*Source material*.
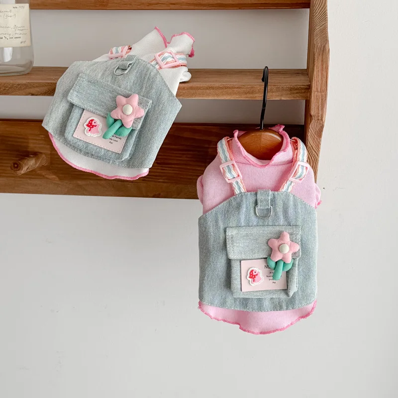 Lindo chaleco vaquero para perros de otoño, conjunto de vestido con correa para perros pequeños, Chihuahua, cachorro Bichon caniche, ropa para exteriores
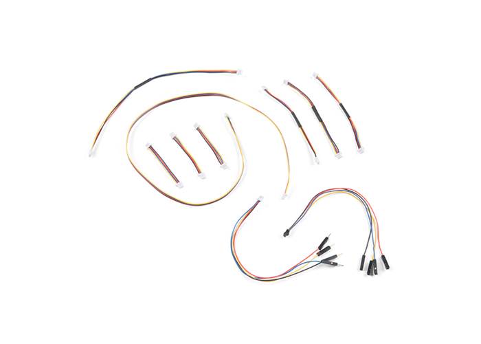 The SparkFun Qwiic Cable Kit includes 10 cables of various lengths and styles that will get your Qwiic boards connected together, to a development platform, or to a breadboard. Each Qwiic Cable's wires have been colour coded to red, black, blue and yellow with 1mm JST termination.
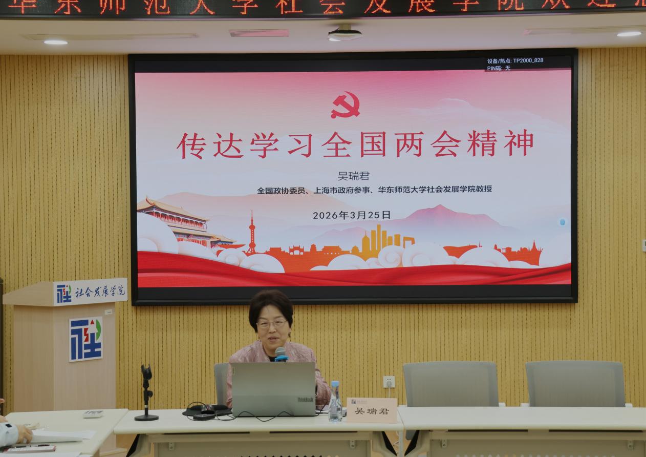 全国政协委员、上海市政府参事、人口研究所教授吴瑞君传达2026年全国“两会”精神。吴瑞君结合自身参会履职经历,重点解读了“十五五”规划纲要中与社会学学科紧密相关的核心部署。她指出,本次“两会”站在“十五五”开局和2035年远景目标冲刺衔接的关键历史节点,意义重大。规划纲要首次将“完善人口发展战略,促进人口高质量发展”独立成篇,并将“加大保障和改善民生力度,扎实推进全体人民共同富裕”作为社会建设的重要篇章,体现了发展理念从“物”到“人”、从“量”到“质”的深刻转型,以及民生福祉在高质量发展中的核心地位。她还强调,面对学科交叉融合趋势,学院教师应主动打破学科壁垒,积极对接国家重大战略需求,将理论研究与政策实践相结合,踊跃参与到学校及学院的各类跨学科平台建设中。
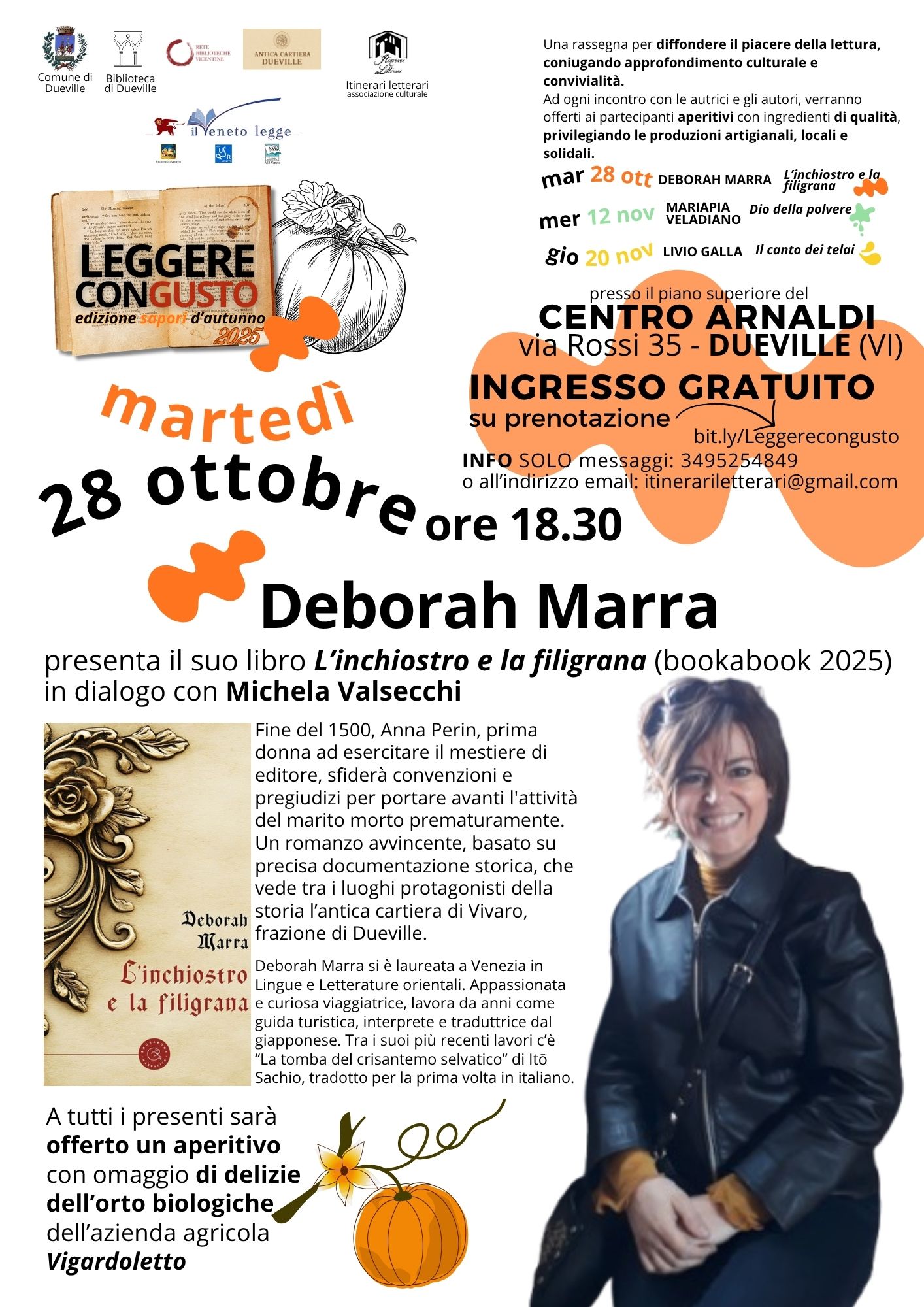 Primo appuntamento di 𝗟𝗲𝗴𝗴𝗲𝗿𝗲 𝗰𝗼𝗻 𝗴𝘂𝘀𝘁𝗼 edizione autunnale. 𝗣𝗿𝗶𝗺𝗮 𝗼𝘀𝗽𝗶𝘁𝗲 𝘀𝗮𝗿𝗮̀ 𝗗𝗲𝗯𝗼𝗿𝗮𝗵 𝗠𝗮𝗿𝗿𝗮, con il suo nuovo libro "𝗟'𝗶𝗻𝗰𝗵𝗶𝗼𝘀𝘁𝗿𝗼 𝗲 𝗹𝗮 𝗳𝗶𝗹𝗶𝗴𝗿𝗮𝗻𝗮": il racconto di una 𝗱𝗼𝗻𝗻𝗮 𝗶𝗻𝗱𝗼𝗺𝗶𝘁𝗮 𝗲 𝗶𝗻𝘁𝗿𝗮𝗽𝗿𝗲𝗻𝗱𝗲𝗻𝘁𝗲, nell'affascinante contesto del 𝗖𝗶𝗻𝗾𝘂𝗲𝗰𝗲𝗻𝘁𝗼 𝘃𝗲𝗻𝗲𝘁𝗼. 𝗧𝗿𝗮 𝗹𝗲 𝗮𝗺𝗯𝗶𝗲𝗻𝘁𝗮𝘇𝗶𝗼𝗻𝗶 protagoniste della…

==

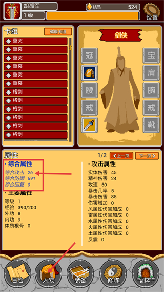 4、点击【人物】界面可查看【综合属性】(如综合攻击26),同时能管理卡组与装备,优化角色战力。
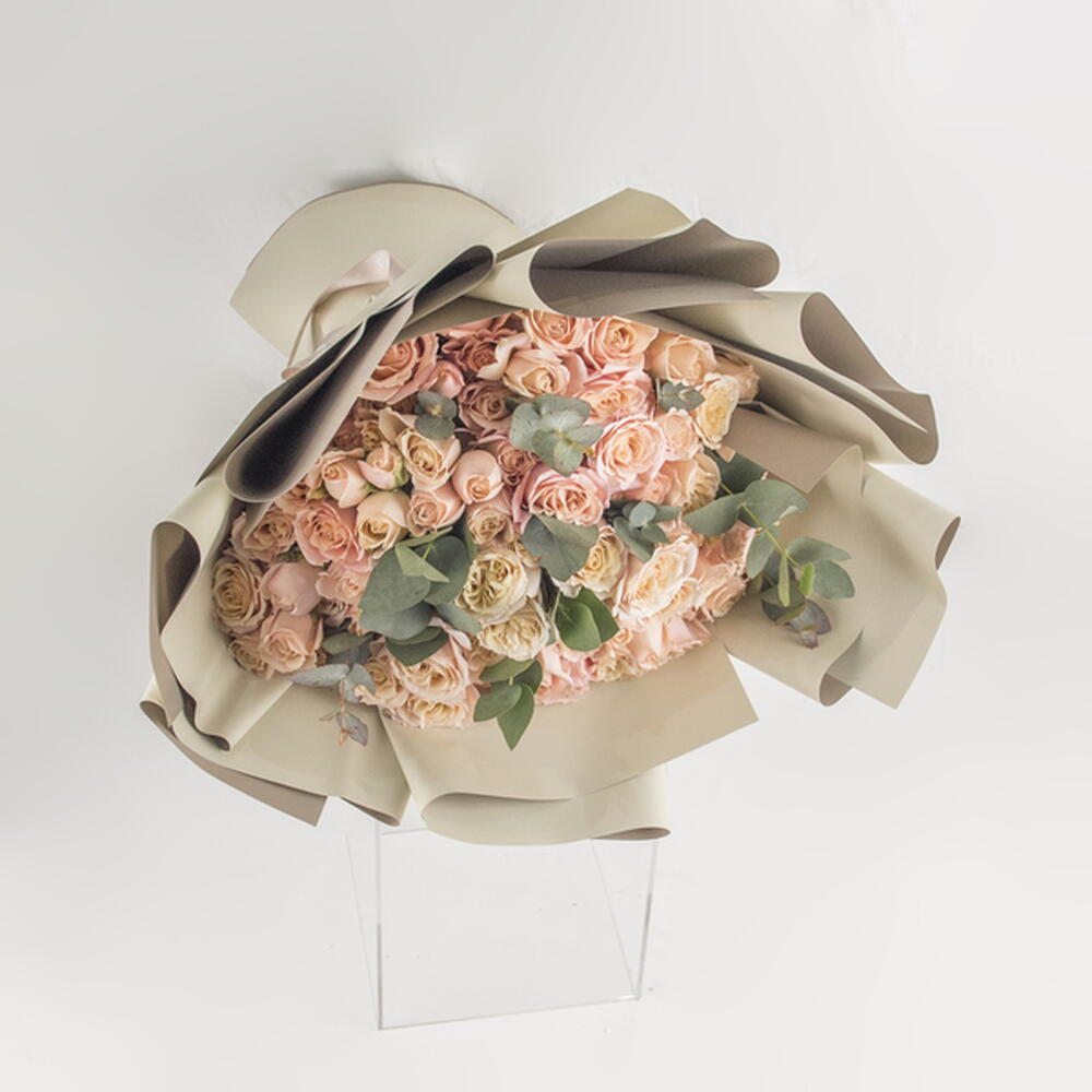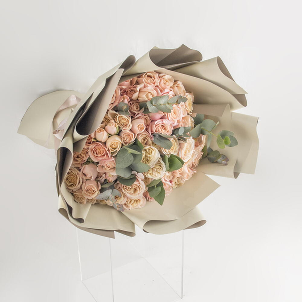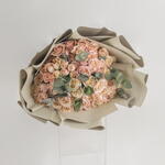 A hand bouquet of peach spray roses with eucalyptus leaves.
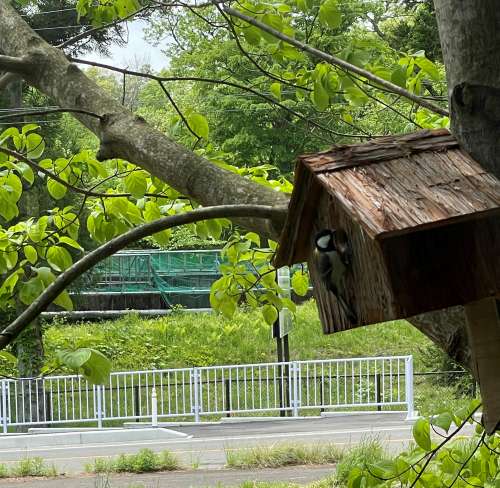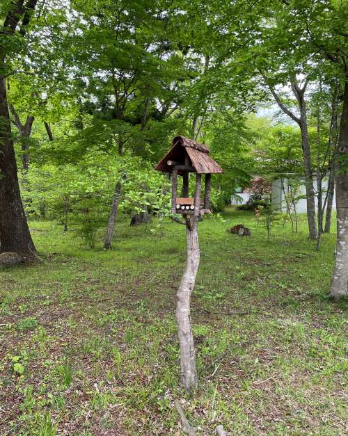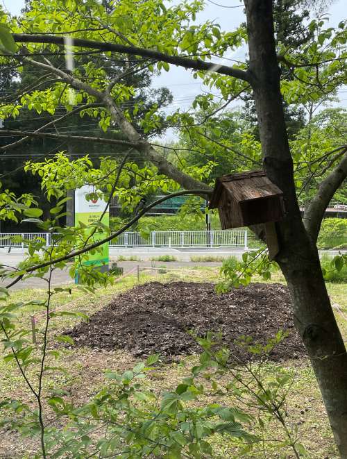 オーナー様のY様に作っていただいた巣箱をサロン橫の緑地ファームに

* * *

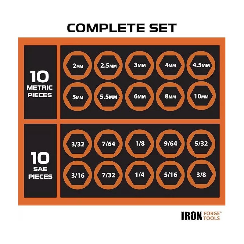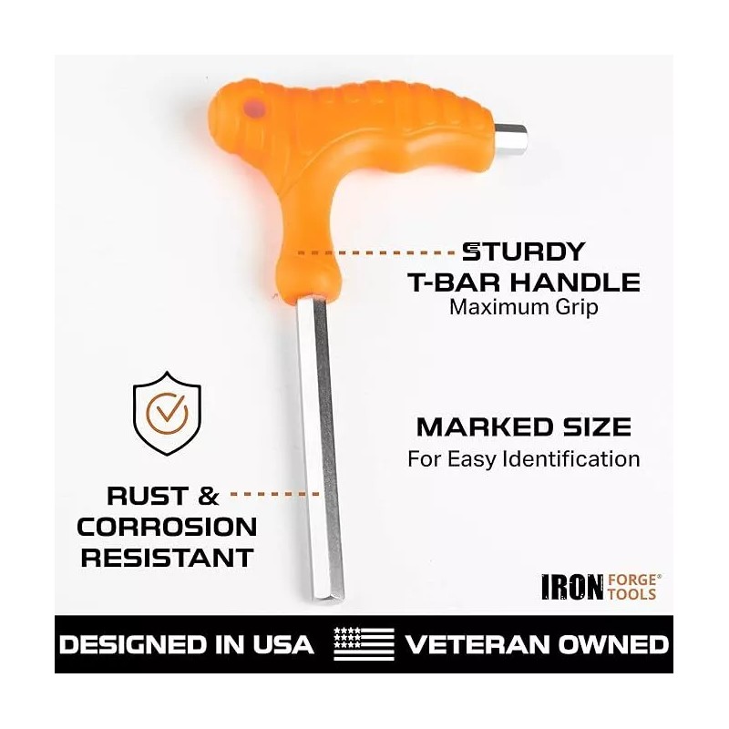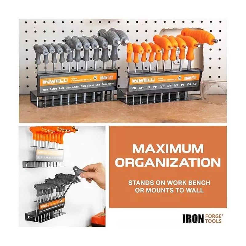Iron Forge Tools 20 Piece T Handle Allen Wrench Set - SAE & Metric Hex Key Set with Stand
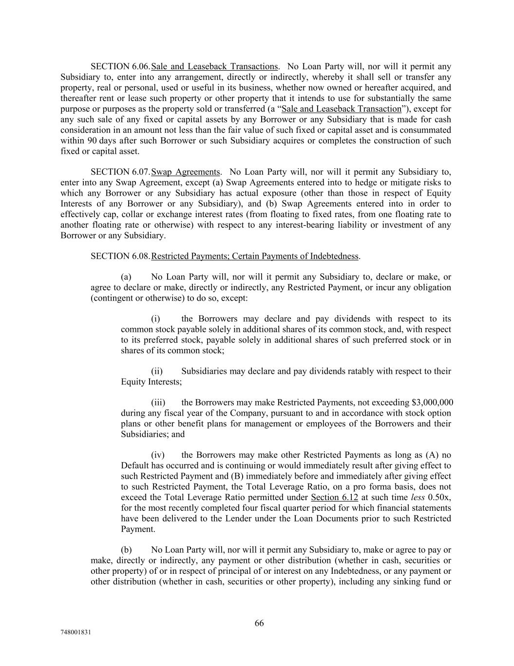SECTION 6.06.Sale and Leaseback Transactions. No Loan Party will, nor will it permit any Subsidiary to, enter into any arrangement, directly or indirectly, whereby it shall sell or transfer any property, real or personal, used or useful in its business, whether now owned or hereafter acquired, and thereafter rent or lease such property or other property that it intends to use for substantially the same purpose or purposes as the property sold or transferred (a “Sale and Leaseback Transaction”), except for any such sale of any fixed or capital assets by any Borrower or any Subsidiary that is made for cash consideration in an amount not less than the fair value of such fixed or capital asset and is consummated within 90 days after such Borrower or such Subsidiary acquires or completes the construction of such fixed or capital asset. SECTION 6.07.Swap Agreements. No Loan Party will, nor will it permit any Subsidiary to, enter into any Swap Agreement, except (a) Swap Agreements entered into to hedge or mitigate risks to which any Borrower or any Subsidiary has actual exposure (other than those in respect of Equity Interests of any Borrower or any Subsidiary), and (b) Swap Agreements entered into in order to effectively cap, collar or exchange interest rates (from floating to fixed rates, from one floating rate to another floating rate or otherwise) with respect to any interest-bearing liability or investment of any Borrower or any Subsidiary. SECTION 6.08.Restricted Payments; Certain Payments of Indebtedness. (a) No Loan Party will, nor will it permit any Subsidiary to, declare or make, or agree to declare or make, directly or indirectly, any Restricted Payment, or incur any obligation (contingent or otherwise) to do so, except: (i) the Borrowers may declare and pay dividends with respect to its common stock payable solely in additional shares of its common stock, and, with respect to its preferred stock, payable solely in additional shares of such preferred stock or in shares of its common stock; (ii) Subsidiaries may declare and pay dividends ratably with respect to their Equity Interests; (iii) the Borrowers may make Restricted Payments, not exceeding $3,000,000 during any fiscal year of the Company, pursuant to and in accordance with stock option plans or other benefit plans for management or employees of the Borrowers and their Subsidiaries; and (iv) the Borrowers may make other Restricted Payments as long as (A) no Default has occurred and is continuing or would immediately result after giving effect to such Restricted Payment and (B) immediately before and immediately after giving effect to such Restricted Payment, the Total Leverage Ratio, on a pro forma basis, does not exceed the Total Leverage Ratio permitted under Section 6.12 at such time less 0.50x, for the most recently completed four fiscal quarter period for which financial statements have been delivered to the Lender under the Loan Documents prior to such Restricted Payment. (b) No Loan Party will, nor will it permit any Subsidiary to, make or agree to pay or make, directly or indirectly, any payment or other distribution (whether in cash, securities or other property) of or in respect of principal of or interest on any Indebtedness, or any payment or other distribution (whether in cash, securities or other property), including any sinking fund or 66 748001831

*Work to be completed*. What is needed is an exact copy of only the lines above from the one with "The SparkFun Qwiic" to the one with "Primo appuntamento di", both kept, with every picture left out.

*Completed task*.
 The SparkFun Qwiic Cable Kit includes 10 cables of various lengths and styles that will get your Qwiic boards connected together, to a development platform, or to a breadboard. Each Qwiic Cable's wires have been colour coded to red, black, blue and yellow with 1mm JST termination.
 全国政协委员、上海市政府参事、人口研究所教授吴瑞君传达2026年全国“两会”精神。吴瑞君结合自身参会履职经历,重点解读了“十五五”规划纲要中与社会学学科紧密相关的核心部署。她指出,本次“两会”站在“十五五”开局和2035年远景目标冲刺衔接的关键历史节点,意义重大。规划纲要首次将“完善人口发展战略,促进人口高质量发展”独立成篇,并将“加大保障和改善民生力度,扎实推进全体人民共同富裕”作为社会建设的重要篇章,体现了发展理念从“物”到“人”、从“量”到“质”的深刻转型,以及民生福祉在高质量发展中的核心地位。她还强调,面对学科交叉融合趋势,学院教师应主动打破学科壁垒,积极对接国家重大战略需求,将理论研究与政策实践相结合,踊跃参与到学校及学院的各类跨学科平台建设中。
 Primo appuntamento di 𝗟𝗲𝗴𝗴𝗲𝗿𝗲 𝗰𝗼𝗻 𝗴𝘂𝘀𝘁𝗼 edizione autunnale. 𝗣𝗿𝗶𝗺𝗮 𝗼𝘀𝗽𝗶𝘁𝗲 𝘀𝗮𝗿𝗮̀ 𝗗𝗲𝗯𝗼𝗿𝗮𝗵 𝗠𝗮𝗿𝗿𝗮, con il suo nuovo libro "𝗟'𝗶𝗻𝗰𝗵𝗶𝗼𝘀𝘁𝗿𝗼 𝗲 𝗹𝗮 𝗳𝗶𝗹𝗶𝗴𝗿𝗮𝗻𝗮": il racconto di una 𝗱𝗼𝗻𝗻𝗮 𝗶𝗻𝗱𝗼𝗺𝗶𝘁𝗮 𝗲 𝗶𝗻𝘁𝗿𝗮𝗽𝗿𝗲𝗻𝗱𝗲𝗻𝘁𝗲, nell'affascinante contesto del 𝗖𝗶𝗻𝗾𝘂𝗲𝗰𝗲𝗻𝘁𝗼 𝘃𝗲𝗻𝗲𝘁𝗼. 𝗧𝗿𝗮 𝗹𝗲 𝗮𝗺𝗯𝗶𝗲𝗻𝘁𝗮𝘇𝗶𝗼𝗻𝗶 protagoniste della…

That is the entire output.